The last thing Dean Berden of the Snover area expected to see when he walked out of his house last Wednesday, was an exceptionally long earthworm – 89 inches long, yes that is right, 89 inches long.
As an organic farmer, earthworms are what you want to see, in fact, any crop farmer will tell you that his/her soil is in much better condition when you can count the earthworms in the soil.
The worms make underground tunnels, which allow water to seep into the soil more easily – the tunnels also help with aeriation, which in turn brings oxygen to the roots. Earthworms enjoy eating dirt, and pull out nutrients from the leaves and roots that are in the dirt. They break down these nutrients and deposit them back into the dirt through their waste.
If you’ve ever picked up a worm, they feel slimy, but they actually have hair-like bristles covering their body called setae. These bristles help the earthworm to travel and move around underground.
You may have heard that you can cut an earthworm in half and it will regenerate – it is true, but they do have a head, so it can only regenerate its missing body parts, it cannot become two worms.

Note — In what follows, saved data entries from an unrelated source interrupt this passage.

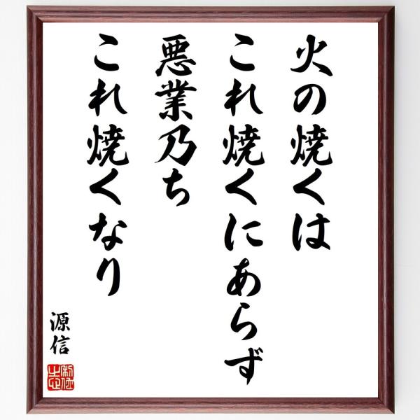 源信の名言「火の焼くはこれ焼くにあらず、悪業乃ちこれ焼くなり」手書き書道色紙額/受注後の毛筆直筆
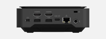 Die in den Prozessor integrierte Intel Iris Xe Graphics G7 mit 96 Execution Units unterstützt den Anschluss von bis zu vier 4K-Monitoren, die über zwei HDMI 2.1-Anschlüsse, über einen mini-DisplayPort und über zwei USB-C-Ports angesteckt werden können. Dazu gibts 2,5 Gbit/s Ethernet, fünf USB-A-Ports und einen Kopfhöreranschluss auf der Vorderseite.
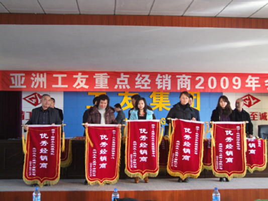 12月7日,工友集團(tuán)隆重召開2009年重點(diǎn)經(jīng)銷商大會(huì),來自全國(guó)各地80多家重點(diǎn)經(jīng)銷商匯聚威海共話友誼,暢想未來。會(huì)議由總經(jīng)理羅壽平主持,董事長(zhǎng)董延偉、副總經(jīng)理李忠剛、副總經(jīng)理宋志敏到會(huì)并講話。
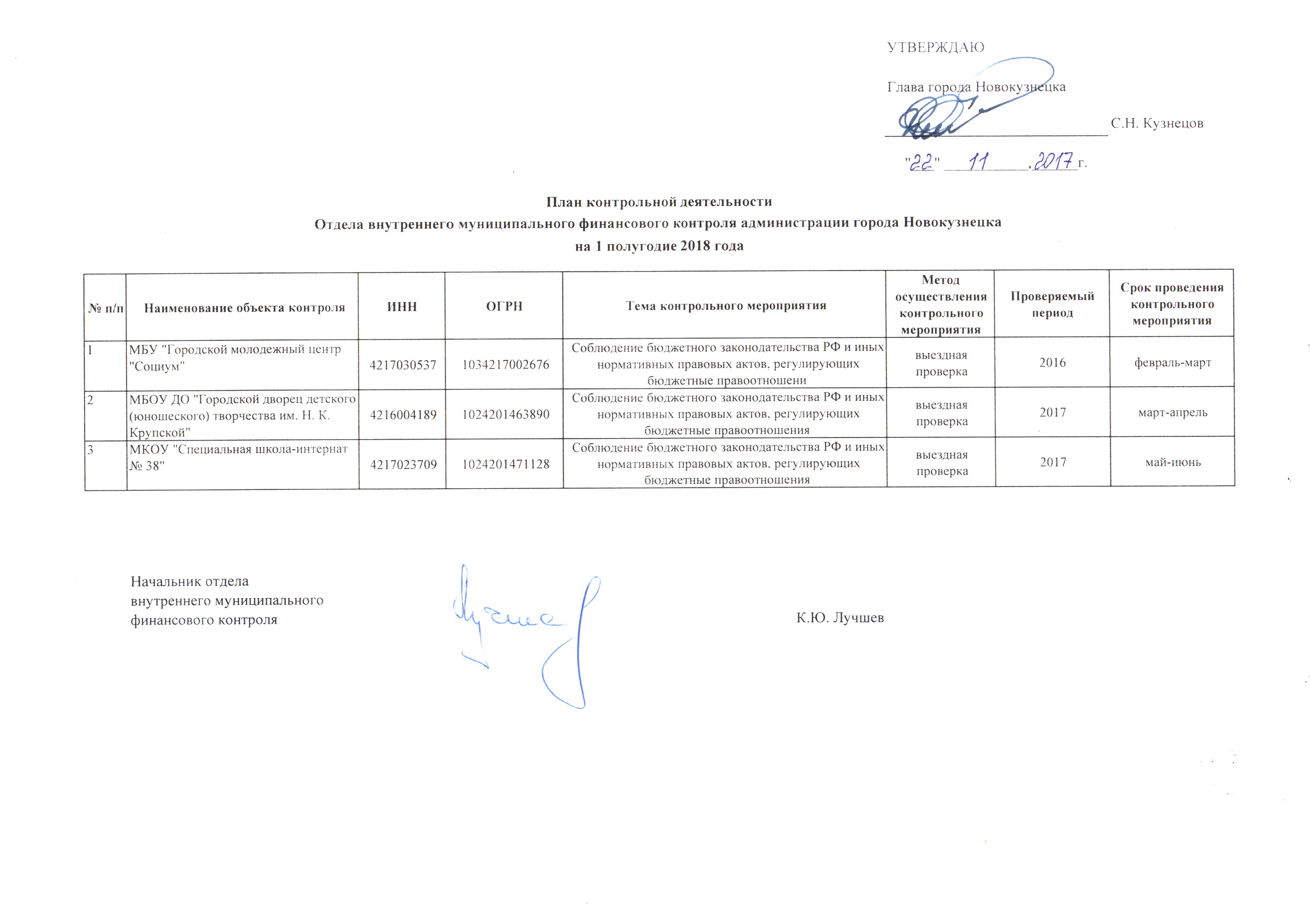 План контрольной деятельности на 1 полугодие 2018 года от 22.11.2017г.
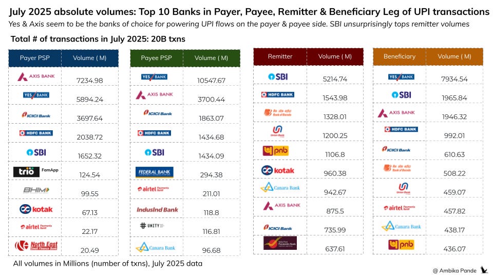 Eventually, banks, where core flows happen (UPI, AA) put their hands up: “Things may be free, but we have infra costs. You pay.” This is what happened with ICICI in July 2025 (and likely Yes Bank, Axis Bank the banks powering most UPI transactions).
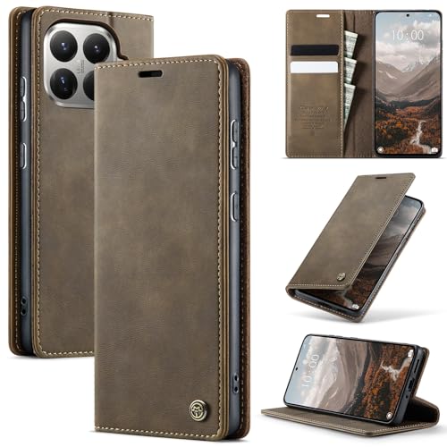 Lonjanfon Coque Xiao Mi 15T Pro 5G,Housse Cuir PU Premium [RFID Blocage][Porte Cartes][Stand Fonction][Antichoc] Magnétique Flip Étui pour Xiao Mi 15T Pro,Café
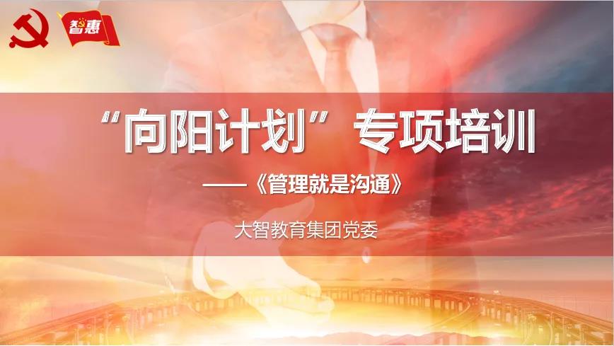 為進(jìn)一步提高黨員骨干的綜合素質(zhì),落實(shí)好“三個(gè)著力凝團(tuán)隊(duì)”,把業(yè)務(wù)骨干培養(yǎng)成黨員,把黨員培養(yǎng)成業(yè)務(wù)骨干,把黨員業(yè)務(wù)骨干培養(yǎng)成管理人才,為集團(tuán)干部隊(duì)伍輸送新生力量,集團(tuán)黨委決定從一線選拔了一批思想積極向上、愿意扎根大智平臺(tái)的優(yōu)秀黨員,進(jìn)行“向陽(yáng)計(jì)劃”專(zhuān)項(xiàng)培訓(xùn)。
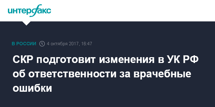 СКР подготовит изменения в УК РФ об ответственности за врачебные ошибки
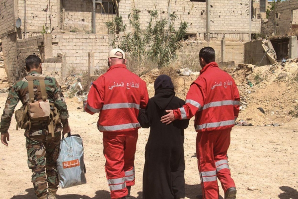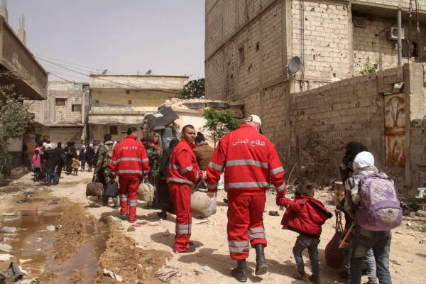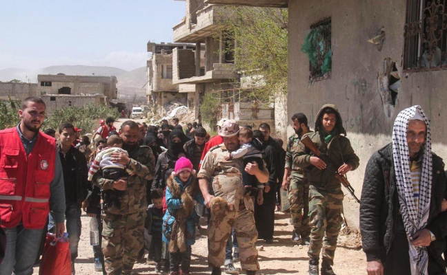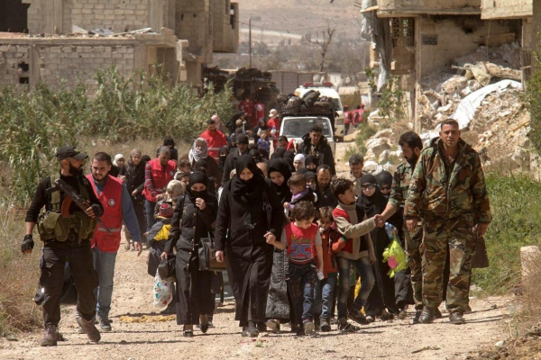 خروج مئات المدنيين المحتجزين لدى الإرهابيين في دوما عبر ممر مخيم الوافدين
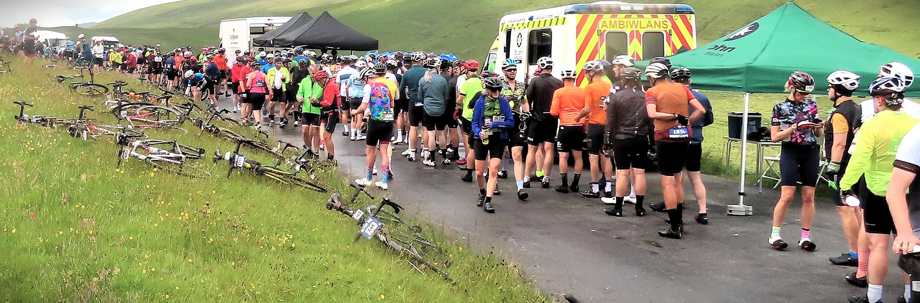 Members of Rotary Bridgend, with family and friends, once again manned a feed station for the annual Dragon Ride over the Brecon Beacons, this year above Crai resevioir.
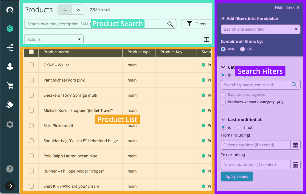 - Product list: displays Products that match the current search and filters, and lets you access a Product detail page.
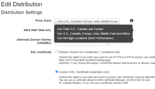 Distribution Settings에 Price Class 입력란을 보면 Class 마다 제공되는 Location과 가격이 다르다.
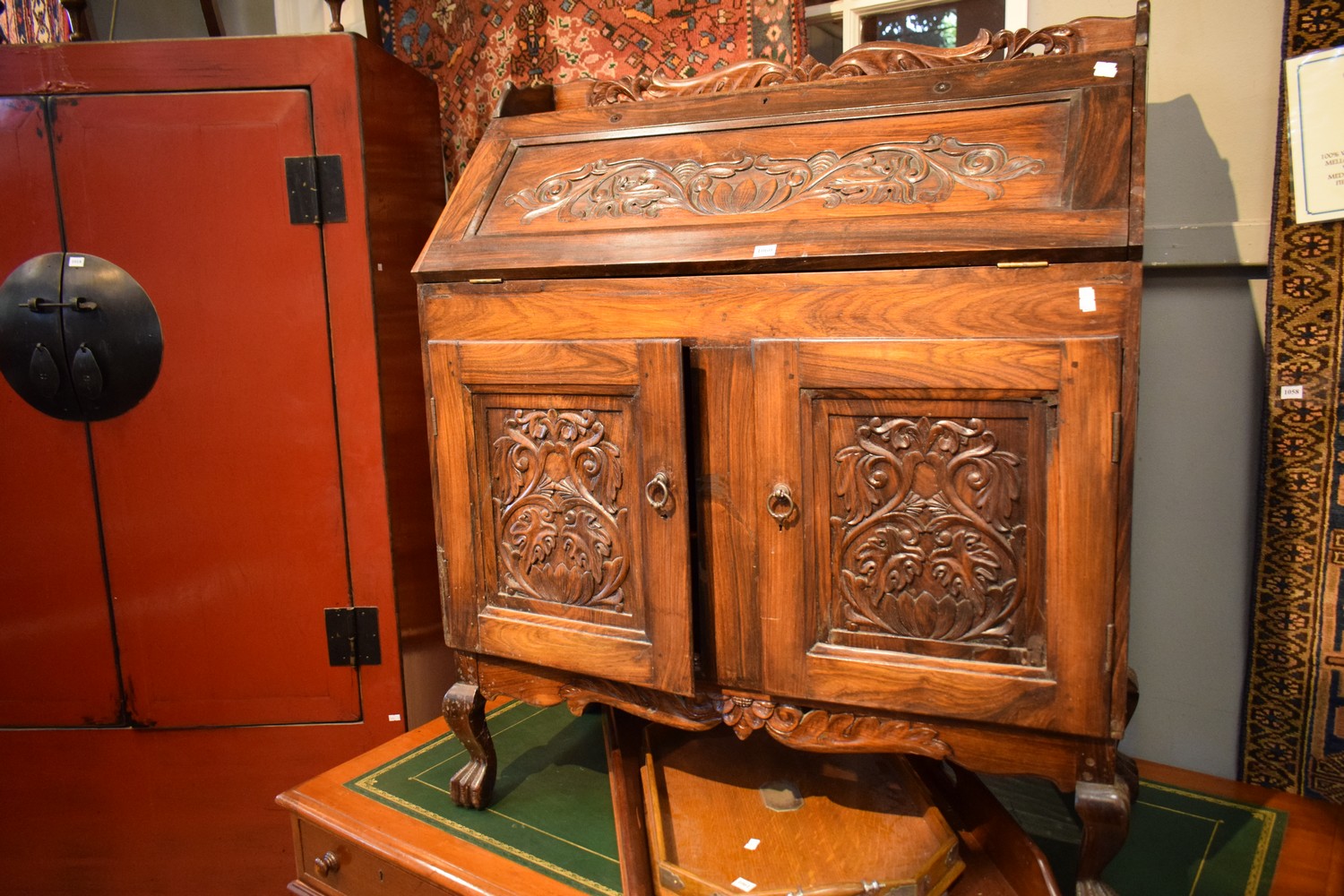A CARVED TIMBER WRITING DESK
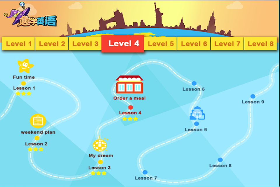 螺旋式上升课程体系?8个级别,进阶式的课程体系,由简到难,螺旋式构建语言知识体系。?单词、句型由浅入深、语言中学习语法,听、说、学、练、用,多个环节巩固知识;
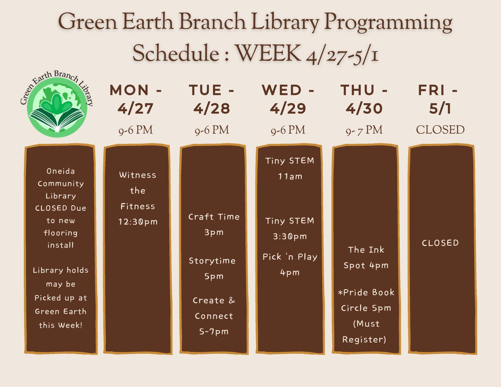 The Oneida Community Library will be closed from April 24th – May 4th. We will be back on May 5th at our usual hours for both locations. Hour Change for Green Earth: Mon- Wed 9-6PM & Thurs. 9-7PM during the Main Library Closure.
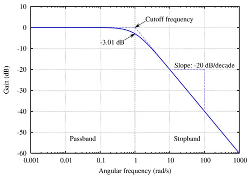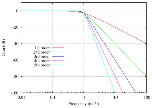 • Um filtro de primeira ordem, por exemplo, irá atenuar a amplitude do sinal em cerca de 6 dB cada vez que a frequência dobrar (subir uma oitava). O gráfico de magnitude de um filtro de primeira ordem se assemelha a uma linha horizontal antes da frequência de corte, e um linha diagonal após a mesma. Existe também o "cotovelo" no limite entre os dois, que é a transição suave entre as duas regiões de reta. Veja Circuito RC.

Earthworms are hermaphrodic – they have the role of both male and female for reproduction, but they aren’t self-fertilizing, they still need to mate. The earthworm builds a coccon and anywhere from 2-4 weeks after mating, the babies crawl out of the cocoon.
The worms don’t have lungs, they breathe through their skin. The worm’s body is permeable, which means that fluids and air are absorbed into them from the environment in which live.